Luc paid with crushed dirty notes from his pocket.
The bus pulled away leaving the faces of the three Moroccans hovering above the brazier coals. A single red ember on the dark plain beneath the neon pinprick of stars.
Luc and Aegina walked back to the Renault and ate their Moroccan sandwiches, leaning against an engine-warmed front panel. Aegina tasted everything as it uncorked in her mouth and spritzed beneath her tongue: the hot meat, the salt, the spices, the warm fat and grease soaking into the bread.
“I’ve never tasted anything more delicious in my life,” she said. She looked at the three figures huddled beside the brazier, and into the impenetrable circle of dark surrounding them, and back at Luc. “Luc—can you believe we’re here?”
“More amazing,” he said, chewing, looking at her, “is being here with you.”
“Yes. It’s fun.” She smiled—her mouth full, cheeks distended, lips unable to close over teeth and sandwich—she smiled at him with more than fun. “I’ll drive now. I’d like to.”

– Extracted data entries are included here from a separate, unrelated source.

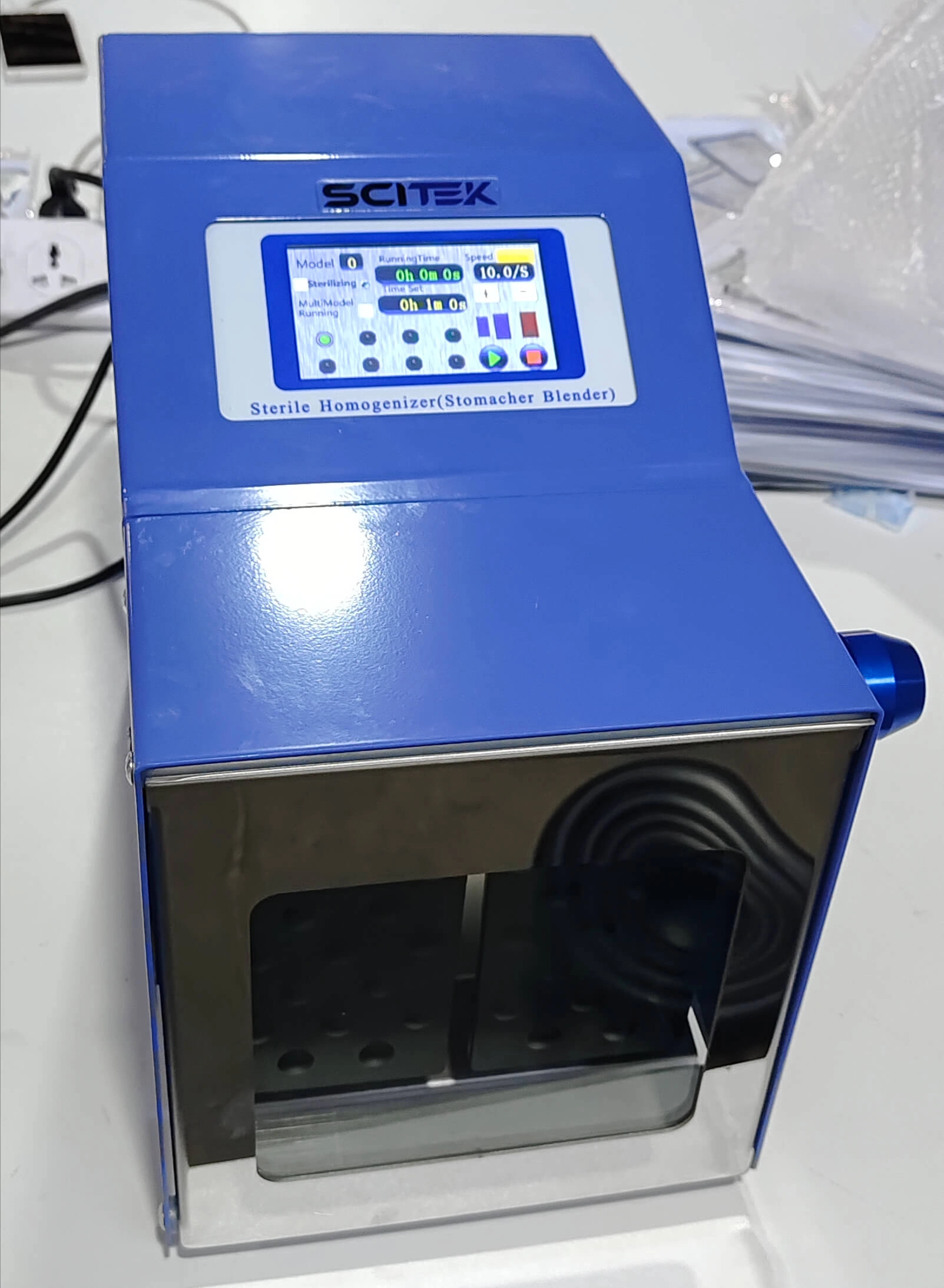 - The sample is packed in a disposable sterile homogenization bag without contacting with the instrument.
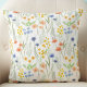 Cojín Decorativo Floral silvestre acuarela verde naranja
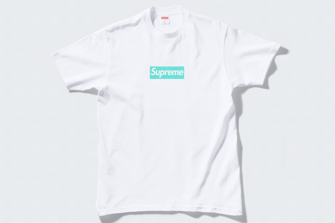 而关注度最高的是一件最简单的白T恤,Tiffany经典的知更鸟蓝底色,白字Supreme赫然胸前。
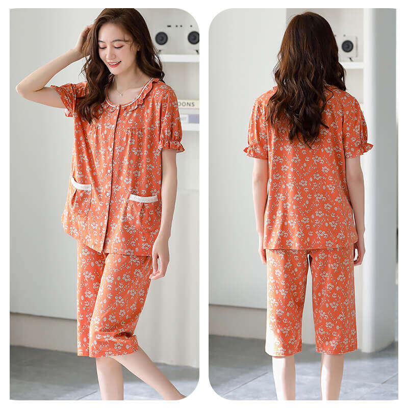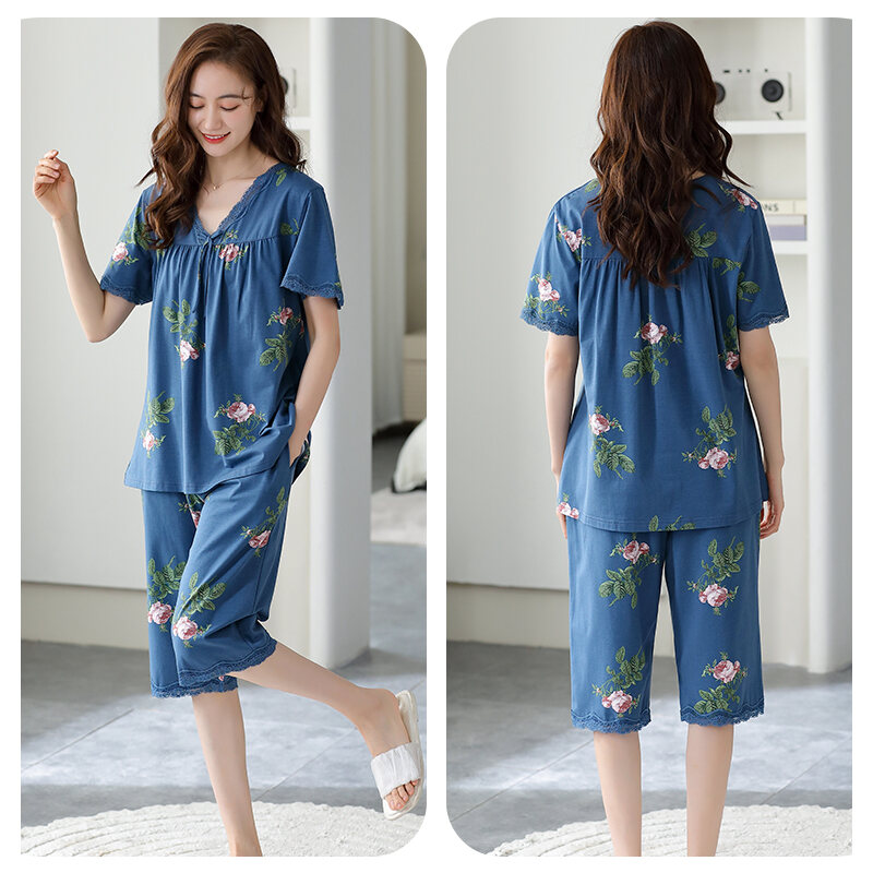 Modal Pajamas Women's Summer Short-Sleeved Capri Pants 2023 New Arrival Printed Homewear Loose Large Size Suit
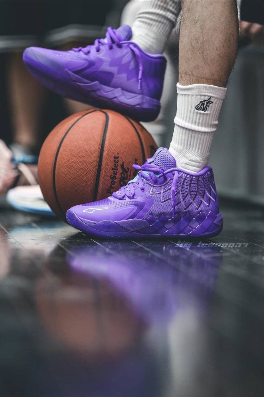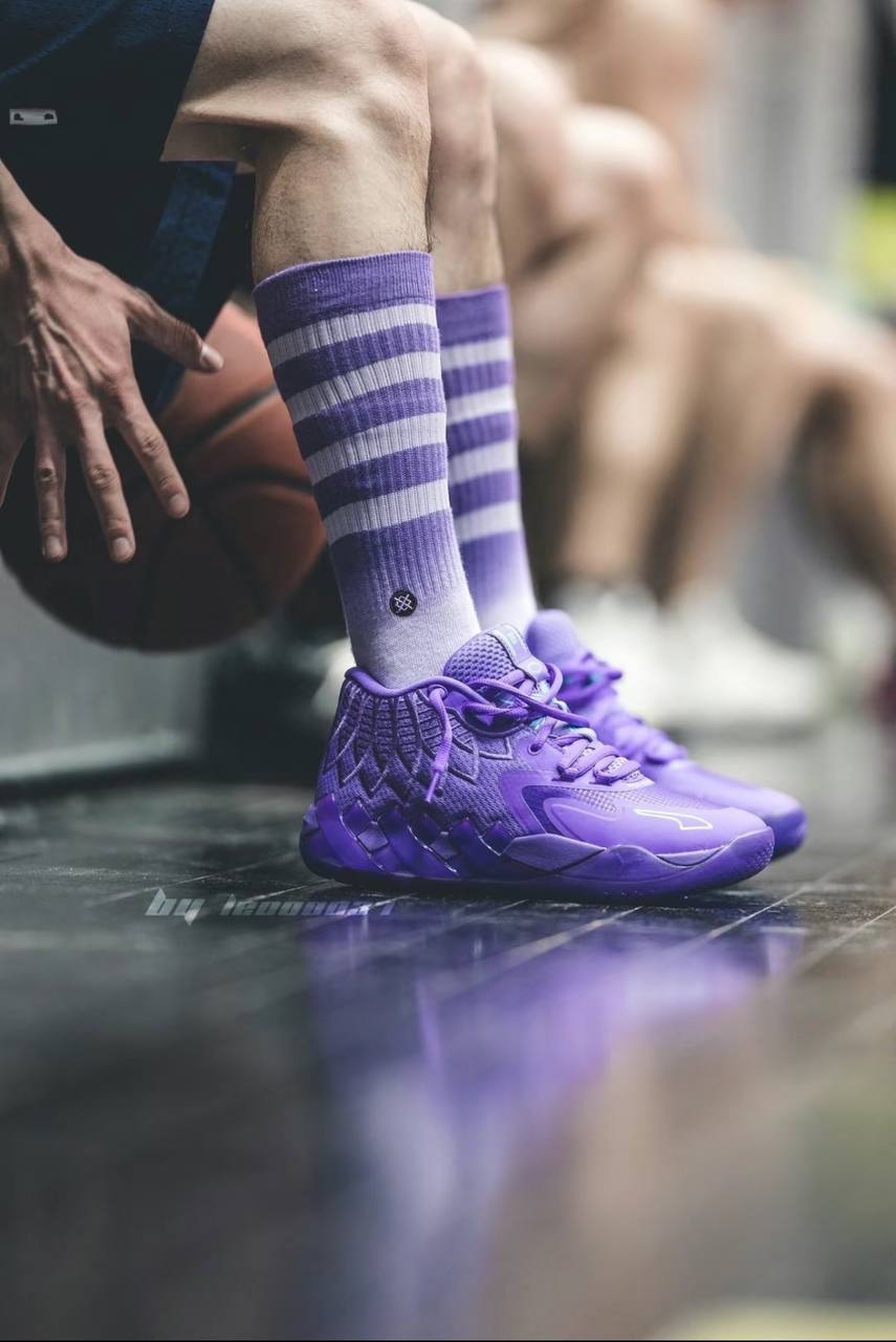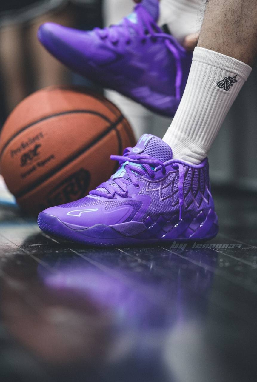 Модель PUMA MB.01 "Queen City" обновляет дебютную фирменную обувь ЛаМело Болла знакомой цветовой палитрой, которая отдает дань уважения команде "Шарлотт Хорнетс". Смелый фиолетовый оттенок заливает трикотажный верх, усиленный тональными накладками без швов и акцентированный элементами брендинга цвета тила. Они включают в себя очерченную полосу Formstrip на боковой стороне носка и личный логотип ЛаМело на язычке. Легкая амортизация обеспечивается благодаря промежуточной подошве Nitro Foam с фиолетовой отделкой.- Цвета: Purple Glimmer/Blue Atoll

He wanted to kiss her greasy lips, but while he was thinking if he should, Aegina got into the driver’s seat. Luc got into the back. He lay down and pulled the blanket over his legs. Soon the car was swinging and lurching down the road.
“You’re good?” Luc asked.
“Fantastic,” said Aegina.
He looked up at the mass of her dark head, tilted slightly forward, alert, arms stretched forward to the wheel, the side of her face, jaw still working on the meal, in the glow of the faint headlights.
He felt happy.
Two
Since her mother’s death in 1966, when Aegina was fourteen, she’d gone to boarding school in England. On long weekends and at the beginning and end of term, she stayed with her aunt Billie, Gerald’s unmarried elder sister, who lived in a converted chicken coop, called the Chicken Coop, near the edge of Knole Park, in Sevenoaks, an hour by train south of London. It had been a lifesaving arrangement for all three of them, though Aegina and her father had missed each other badly during the first year while she was in England. But the arrangement had forced upon Billie—a woman of distinct tastes and habits with no wish to adapt them to the constraints of a relationship with a partner—a charge and imperative that stitched together her scattered life. Billie lived on a tiny income from translating French academic articles, supplemented with the infrequent sale of her Middle-earth–looking ceramic ware, grew fruit and vegetables in her garden, and foraged for what she didn’t grow. She eschewed owning a motor car in favor of a retired Automobile Association BSA motorcycle and sidecar. After Aegina’s arrival, the bike presented a problem only at the beginning and end of each school term when Aegina went to and from St. Hilary’s School for Girls, eleven miles away, with her regulation trunk and tuck box. However, they managed the whole three-wheeled ferrying challenge with rope and careful cornering.